Becoming Skinner

I’ve been thinking lately about the available roles in the intellectual community, and my relative capacity and inclination to fill the same. To put it more concisely, I’ve been debating whether or not I’d want to be a “Skinner.” In the short term, of course that’s exactly what you’d want to be—a leading researcher in the field, making discoveries, laying down theory, breaking ground and more than breaking even. But, though every Psychology of Learning class in every university in the country covers him, his pure mechanism approach to human behavior is all but laughed at today. So, in the long term being a Skinner looks like a decided disadvantage.

Yet as I flipped through the course packet while reviewing for the exam the other day, the case for being a Skinner got a little stronger: That infuriatingly arrogant article on “Why We Need Teaching Machines” had more underlines, more notes in the margin, more question marks and asterisks and cross-references than anything else we had read. I had arguably put more into reading that piece than any of the more measured arguments in the collection, and it had certainly spurred more questions, more thought, more debate.

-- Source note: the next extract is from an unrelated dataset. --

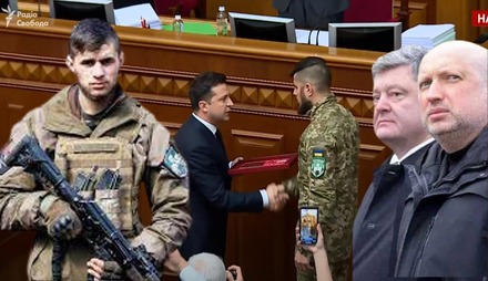 Среди тех, кто получил отличие доброволец и командир 1-й штурмовой роты ДУК «Правый сектор» Дмитрий Коцюбайло. Он первым среди добровольцев стал Героем Украины.
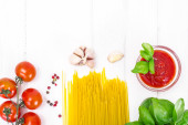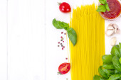 Bazylia, czerwony pomidor z makaron na białym tle Woody

And given that questions, thought and debate are exactly what’s most required to move a discipline forward, to induce change and foment rebellion, perhaps a “Skinner” is exactly what I want to be. Perhaps taking passionate, more-convicted-than-you-could-possibly-be stands that move the discipline forward is worth looking arrogant, short-sighted, and foolish several decades down the line…

  1. Blake

    Careful – Skinner was not mechanistic. That would be Watson. Maybe it is your professors or textbooks that make Skinner look foolish, but how many of Skinner’s actual writings have you read? Actually I agree that some of his writings are arrogant, however, there are many of us in the Skinner tradition who are emerging and embracing thinking, problem solving, emotion, etc. – all of which were embraced, incidentally, by Skinner himself.